Project Type: Power Conversion

Project Information

Project Description:

The task is to design and build a wind-generating kite similar to the early Makani prototype shown in the photo. Wind power is obtained by fitting a kitesurfing trainer with a propeller-driven generator. DC electricity is fed to the ground station via the control tether where it is converted to AC electricity suitable to recharge a cell phone. Significant challenges will be encountered and include mounting a heavy generator on a light airfoil; controlling the kite’s figure-eight flight pattern; building a strong, light tether that will deliver electricity with low power loss; and managing smooth electrical power from constantly changing generator speeds.

Level of Difficulty: Medium

Keywords/Technologies:

airfoil, stall speed, prop pitch, Faraday's law of induction, Bernoulli's principle, winds aloft, permanent magnet generator, electrolytic capacitor, buck-boost regulator, DC-to-AC Inverter, resistivity

References:

“The Winds of Change are Blowing: New Kite-Like Wind Turbine Promises to Revolutionize Wind Energy,” by Erin Dahlstrom, Harvard University Graduate School of Arts and Sciences, May 5, 2015. http://sitn.hms.harvard.edu/flash/2015/the-winds-of-change-are-blowing-new-kite-like-wind-turbine-promises-to-revolutionize-wind-energy/

“High Altitude Wind Energy from Kites,” Saul Griffith, TED Talk, 2009, https://www.ted.com/talks/saul_griffith_on_kites_as_the_future_of_renewable_energy

How to Choose a Trainer Kite, https://www.kitemare.com/how-to-choose-a-trainer-kite/

Team Roles

Electrical Engineer (2) – Electrical Engineers on the project are responsible for the power system chain, from the kite-based generator to the ground-based power converter. The 12-V generator delivers power to the ground where a buck-boost regulator and DC-to-AC inverter prepares the power for customer use. EEs are also responsible for electrical safety.

Mechanical Engineer (2) – Mechanical Engineers are responsible for the means to transport, anchor, deploy, and operate the kite safely. This includes modifying the kite control tether to incorporate a light-weight wiring system that carries DC power from the generator to the ground station.

Aerospace Engineer (2) – Aero Engineers are responsible for modifying the kite with light, removable spars to help the airfoil support an attached generator. AEs select and install the appropriate propeller to convert wind velocity to generator torque at a speed less than 3000 rpm. AEs are also responsible for the final flight characteristics of the modified kite.

Atmospheric Scientist (2) – Atmospheric Scientists work with the AEs to set wind limits on the modified kite. The AEs are in charge of operational safety in the field based on surface wind forecasts. Atmospheric Scientists are also responsible for determining the system’s efficiency in gathering available wind energy and delivering it to customers.

Designer (2) – The Designers will work closely with the Engineers to manufacture a portable, battery-powered system that can be operated in remote locations. Furthermore, the integrated design must be safe for groups observe our power conversion demonstration.

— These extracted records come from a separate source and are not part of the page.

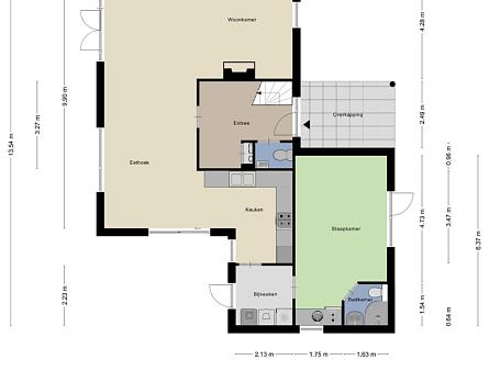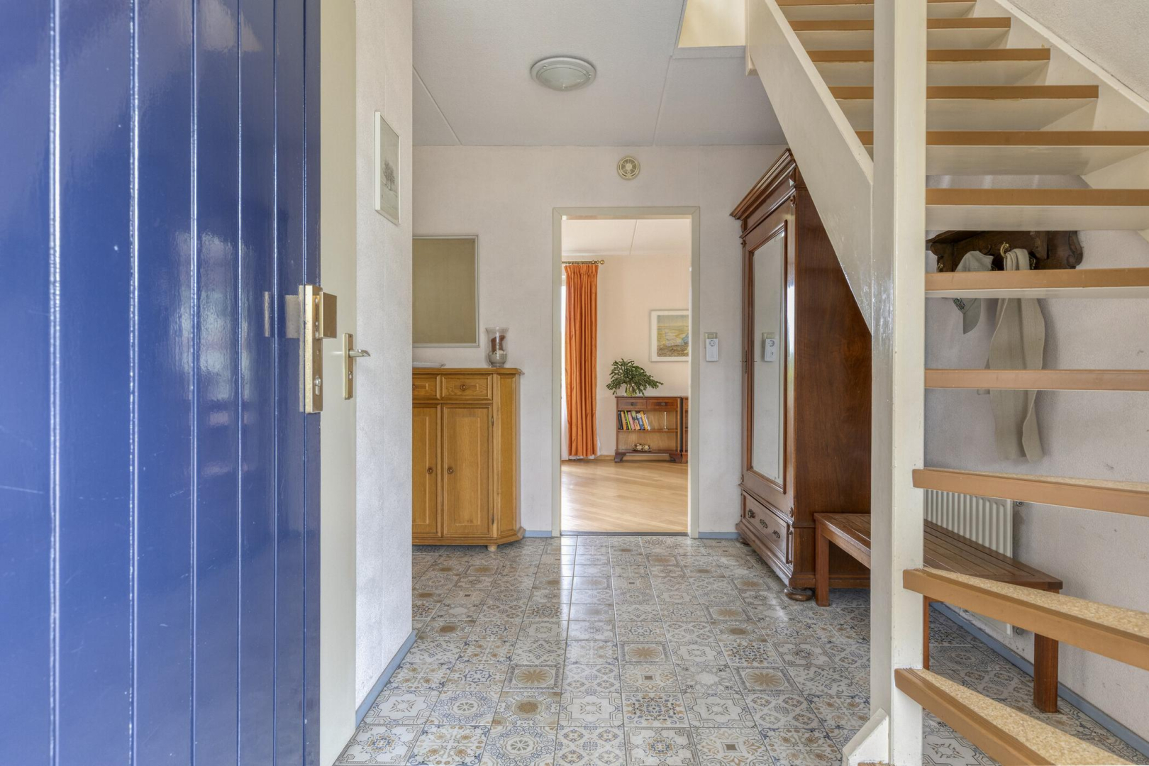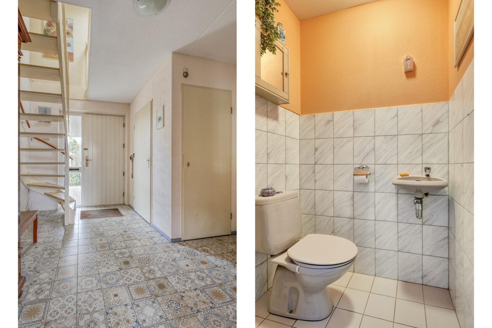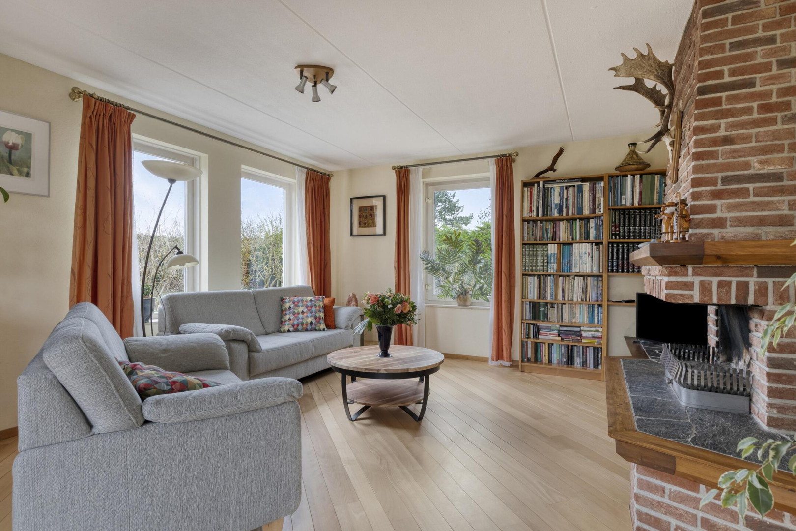 Via de voordeur betreedt u de hal met meterkast en een toiletruimte met fonteintje. Vanuit de hal heeft u toegang tot de trap naar de eerste verdieping en de royale woonkamer. De royale woonkamer vormt het hart van de woning en wordt gekenmerkt door een prettige lichtinval en een open indeling. De sfeervolle open haard en de houten vloer zorgen voor een warme, huiselijke uitstraling. Grote raampartijen en openslaande deuren verbinden binnen moeiteloos met buiten.
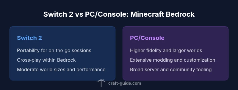 If portability and easy access to cross‑play are top priorities, Switch 2 wins for everyday play. If you want maximum performance, deep mods, and expansive, customizable worlds, a PC/console setup is the better long‑term investment, according to Craft Guide's balanced framework.
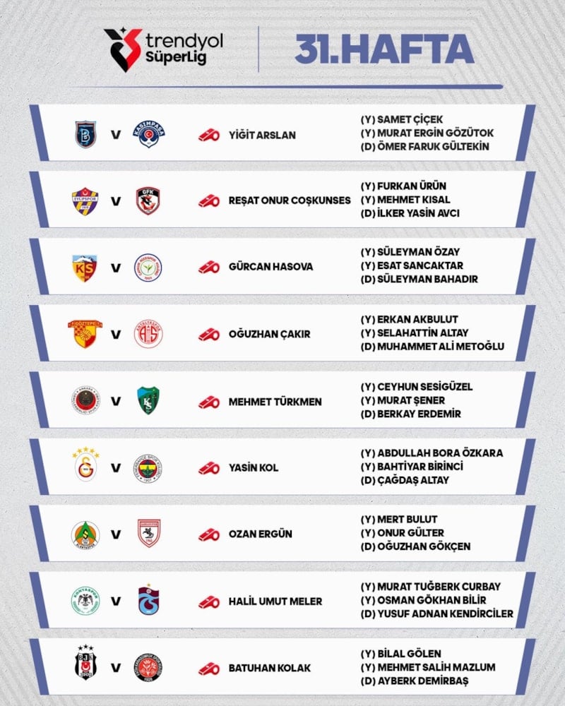 Süper Lig'in 31. haftasında oynanacak müsabakalarda düdük çalacak hakemler açıklandı. Buna göre, Galatasaray ile Fenerbahçe arasındaki derbi mücadelesini Yasin Kol yönetecek.
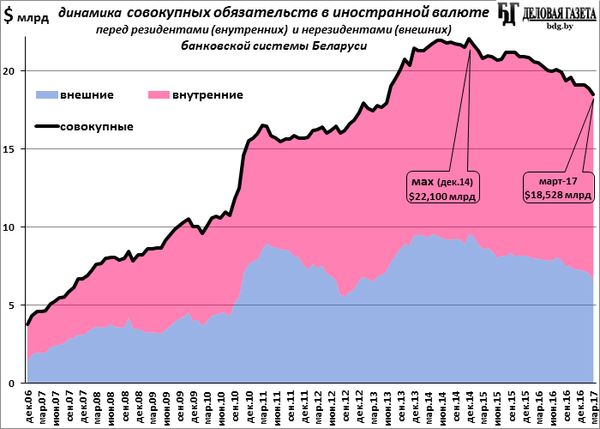 Если сложить внешнюю задолженность банковской системы (обязательства перед нерезидентами) и внутреннюю (перед физическими и юридическими лицами резидентами), то совокупная задолженность в иностранной валюте в конце марта 2017-го составит $18,528 млрд.
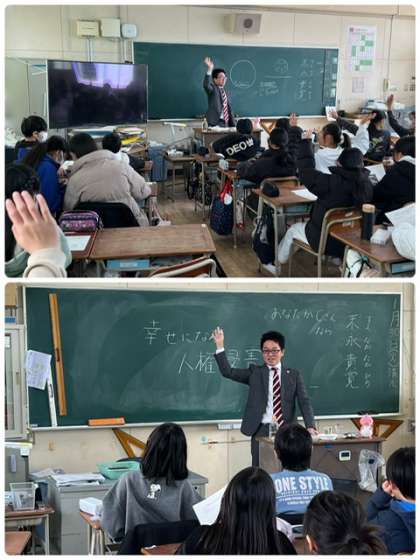 中:いじめは人権侵害となり、いじめに関する法律があることやロールプレイングを用いて楽しく学習。

Journalist (1) – The Journalist documents the project’s progress on the website, communicates with the local media, and is responsible for a final report to the principal sponsors and Power Mountain Engineering. The Journalist also works closely with the Multimedia Artist to provide video and graphic art displays for demonstrations that explain the project to the public. The whole project is your project.

Multimedia Artist (1) – The Artist also documents the project’s progress on the website and works with the Journalist to maintain the project’s presence on social media. Additionally, the Artist designs and organizes all public relations events to assure spectator safety and to enhance the community’s awareness of science and technology. The whole project is your project.

Business Manager (1) – The Business Manager is responsible for reporting the project’s progress against a predetermined schedule, determines critical path items to completion, and tracks project spending to assure that costs remain within a fixed budget. The Manager works with all team members to identify problems early and resolve them quickly. The whole project is your project.